Exact copy required. Repeat the records, but keep the pictures out.
----
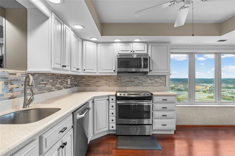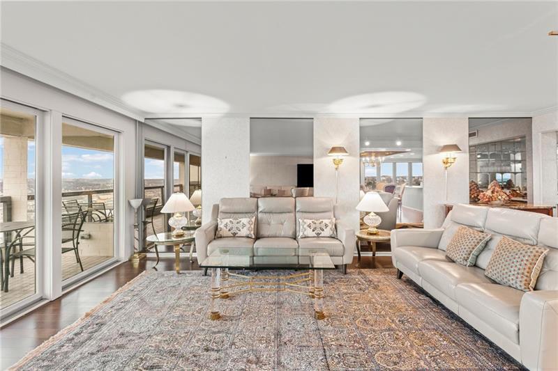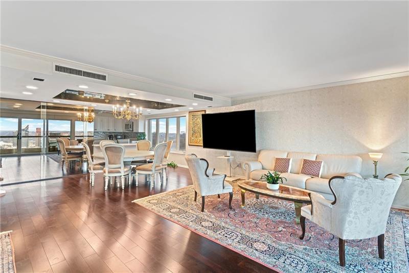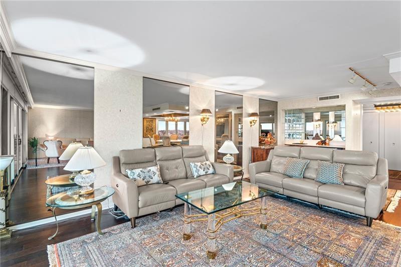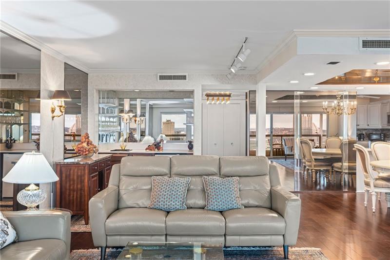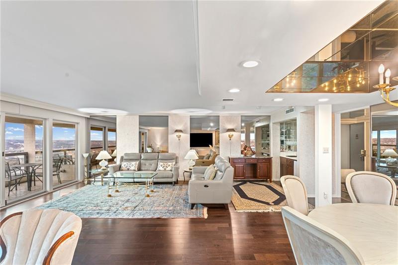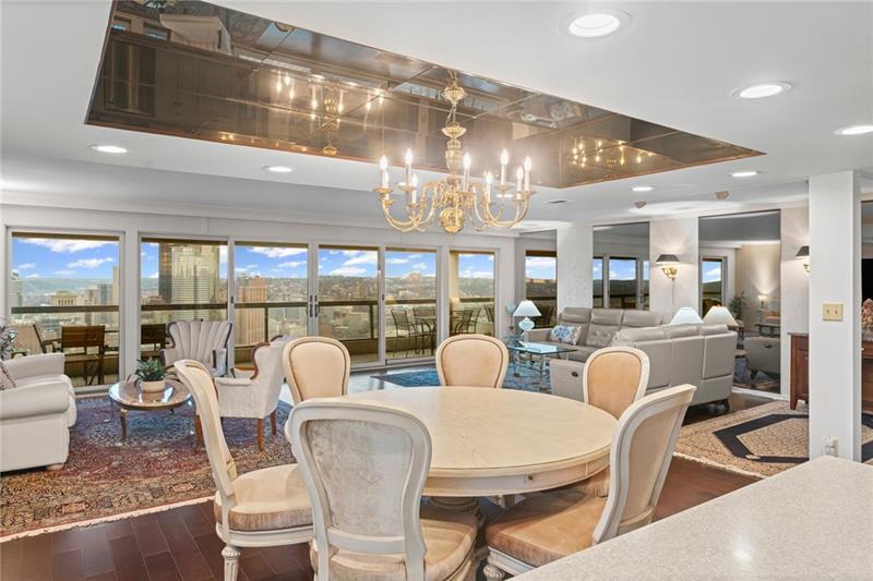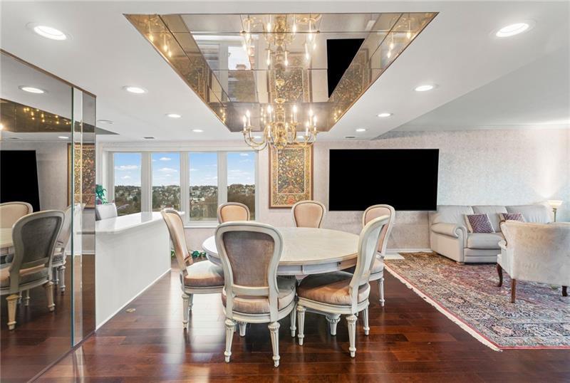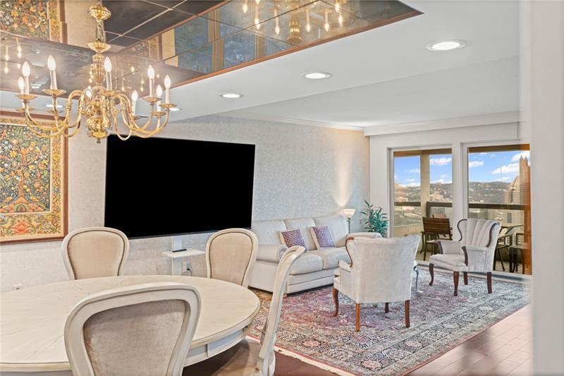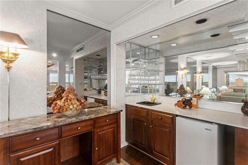 Experience luxury living at The Plaza at Grandview on Pittsburgh's Mount Washington! This spacious, recently updated condo showcases breathtaking panoramic views of the city skyline and river through walls of windows and from the private balcony. The open living and dining areas feature gleaming hardwood floors, elegant lighting, and abundant natural light, creating the perfect setting for both entertaining and relaxation. The kitchen offers modern cabinetry, stainless steel appliances, and ample counter space. A built-in wet bar enhances the ease of hosting guests. The primary bedroom boasts an ensuite bath with a steam shower and a walk-in closet. The family room features custom-built storage. Enjoy the convenience of in-unit laundry, deeded two-car parking, additional guest parking, a guest suite, a fitness center, and a residents' lounge"”all within a secure, professionally managed building. Stroll out your front door to shops, restaurants and the most gorgeous view in Pittsburgh!
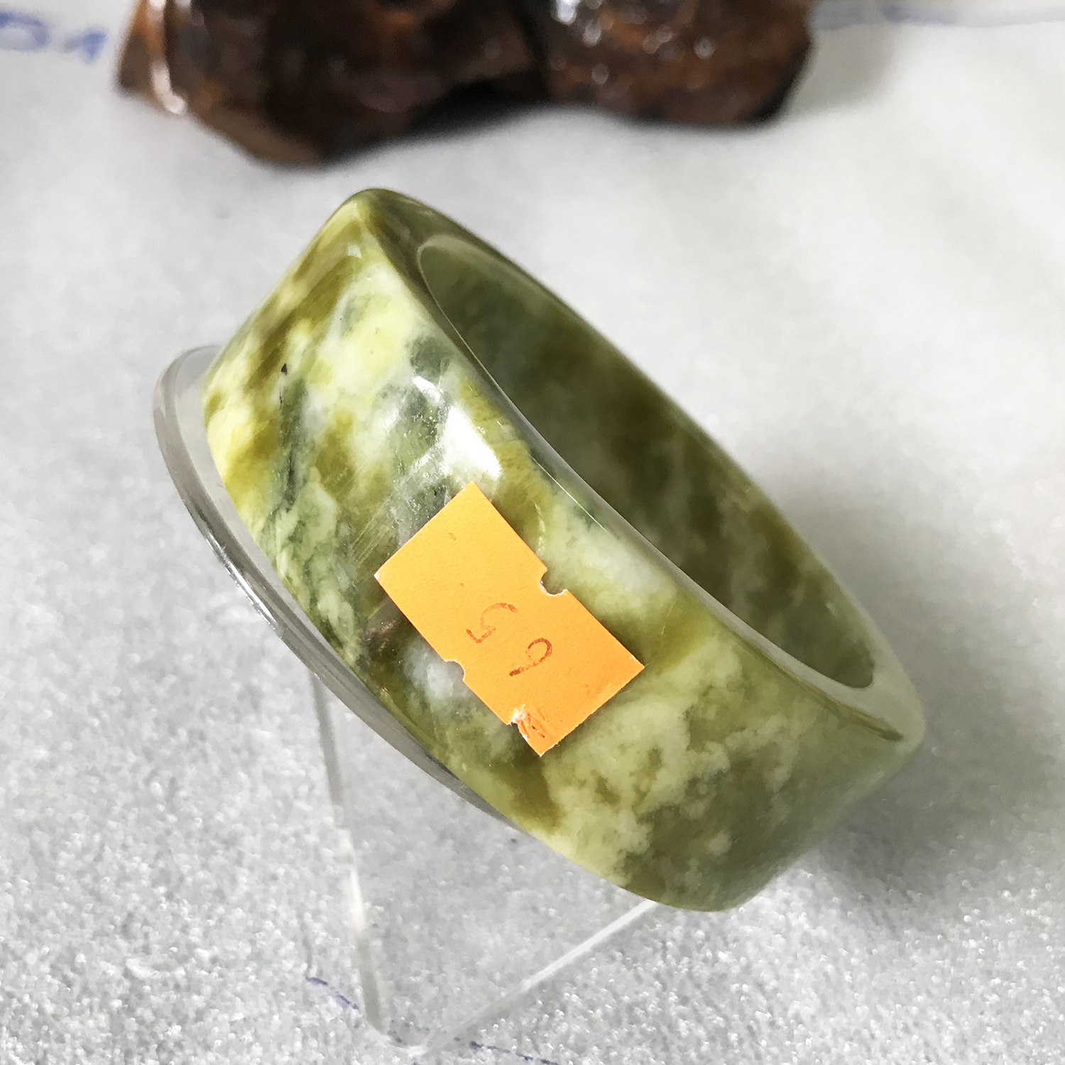 Vòng tay Nữ Đá Cẩm Thạch mới TR Lý 57 mm x cọng 7,5mm Màu Xanh lý tươi trắng 2 bên đều vòng đẹp Nữ 55kg - 64kg đeo đẹp món quà tặng chính mình
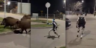 На видео видно, как человекоподобный робот Unitree G1 с искусственным интеллектом, созданный китайской компанией Unitree Robotics, преследует небольшую стаю диких кабанов на пустой автомобильной парковке в Варшаве. На видео запечатлен робот, который получил имя Эдвард Варчоцкий. "Я загоняю диких кабанов в лес", — гласит комментарий к видео. И действительно дикие кабаны кажется убегают именно от робота. При этом в финале видеоролика видно, как робот поднимает кулак вверх, возможно, от досады (если он может иметь такое чувство), когда дикие кабаны убежали.
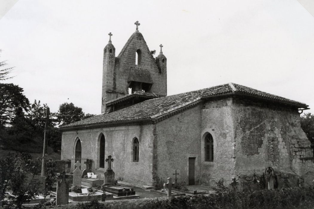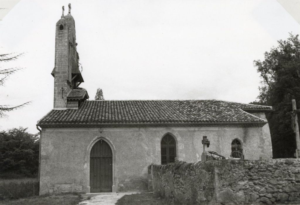 Il est fréquent, dans le Gers, de voir une église rurale bâtie près d'une motte féodale. Les empatements de mur à l'est et au nord rendent encore visibles les parties romanes de l'église. L'édifice roman devait être voûté en berceau. Une des chapelles daterait de 1665. Selon les croyances locales, la motte féodale à proximité renfermerait la tombe d'un chef gaulois enterré avec un trésor en pièces d'or.
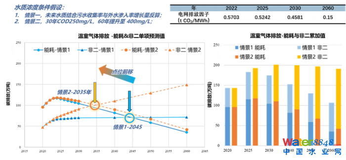 唐曉雪、王文愷等北控研究團(tuán)隊(duì),量化評估了進(jìn)水濃度提升對水務(wù)企業(yè)碳排放的影響,結(jié)果顯示在常規(guī)情景下隨著電力因子的不斷降低,非二氣體對水廠碳排放影響逐步提升至2045年超過電力能耗帶來的碳排放,而當(dāng)發(fā)生高濃度情景時(shí)(即由于化糞池的取消及管網(wǎng)控制導(dǎo)致進(jìn)水COD到2030年上升至250 mg/L;2060年上升至400mg/L),非二氣體影響將被進(jìn)一步強(qiáng)化,到2035年超過電力能耗帶來的碳排放,成為水務(wù)企業(yè)最重要的碳排放源。
----
* Solution to the exercise:
 Experience luxury living at The Plaza at Grandview on Pittsburgh's Mount Washington! This spacious, recently updated condo showcases breathtaking panoramic views of the city skyline and river through walls of windows and from the private balcony. The open living and dining areas feature gleaming hardwood floors, elegant lighting, and abundant natural light, creating the perfect setting for both entertaining and relaxation. The kitchen offers modern cabinetry, stainless steel appliances, and ample counter space. A built-in wet bar enhances the ease of hosting guests. The primary bedroom boasts an ensuite bath with a steam shower and a walk-in closet. The family room features custom-built storage. Enjoy the convenience of in-unit laundry, deeded two-car parking, additional guest parking, a guest suite, a fitness center, and a residents' lounge"”all within a secure, professionally managed building. Stroll out your front door to shops, restaurants and the most gorgeous view in Pittsburgh!
 Vòng tay Nữ Đá Cẩm Thạch mới TR Lý 57 mm x cọng 7,5mm Màu Xanh lý tươi trắng 2 bên đều vòng đẹp Nữ 55kg - 64kg đeo đẹp món quà tặng chính mình
 На видео видно, как человекоподобный робот Unitree G1 с искусственным интеллектом, созданный китайской компанией Unitree Robotics, преследует небольшую стаю диких кабанов на пустой автомобильной парковке в Варшаве. На видео запечатлен робот, который получил имя Эдвард Варчоцкий. "Я загоняю диких кабанов в лес", — гласит комментарий к видео. И действительно дикие кабаны кажется убегают именно от робота. При этом в финале видеоролика видно, как робот поднимает кулак вверх, возможно, от досады (если он может иметь такое чувство), когда дикие кабаны убежали.
 Il est fréquent, dans le Gers, de voir une église rurale bâtie près d'une motte féodale. Les empatements de mur à l'est et au nord rendent encore visibles les parties romanes de l'église. L'édifice roman devait être voûté en berceau. Une des chapelles daterait de 1665. Selon les croyances locales, la motte féodale à proximité renfermerait la tombe d'un chef gaulois enterré avec un trésor en pièces d'or.
 唐曉雪、王文愷等北控研究團(tuán)隊(duì),量化評估了進(jìn)水濃度提升對水務(wù)企業(yè)碳排放的影響,結(jié)果顯示在常規(guī)情景下隨著電力因子的不斷降低,非二氣體對水廠碳排放影響逐步提升至2045年超過電力能耗帶來的碳排放,而當(dāng)發(fā)生高濃度情景時(shí)(即由于化糞池的取消及管網(wǎng)控制導(dǎo)致進(jìn)水COD到2030年上升至250 mg/L;2060年上升至400mg/L),非二氣體影響將被進(jìn)一步強(qiáng)化,到2035年超過電力能耗帶來的碳排放,成為水務(wù)企業(yè)最重要的碳排放源。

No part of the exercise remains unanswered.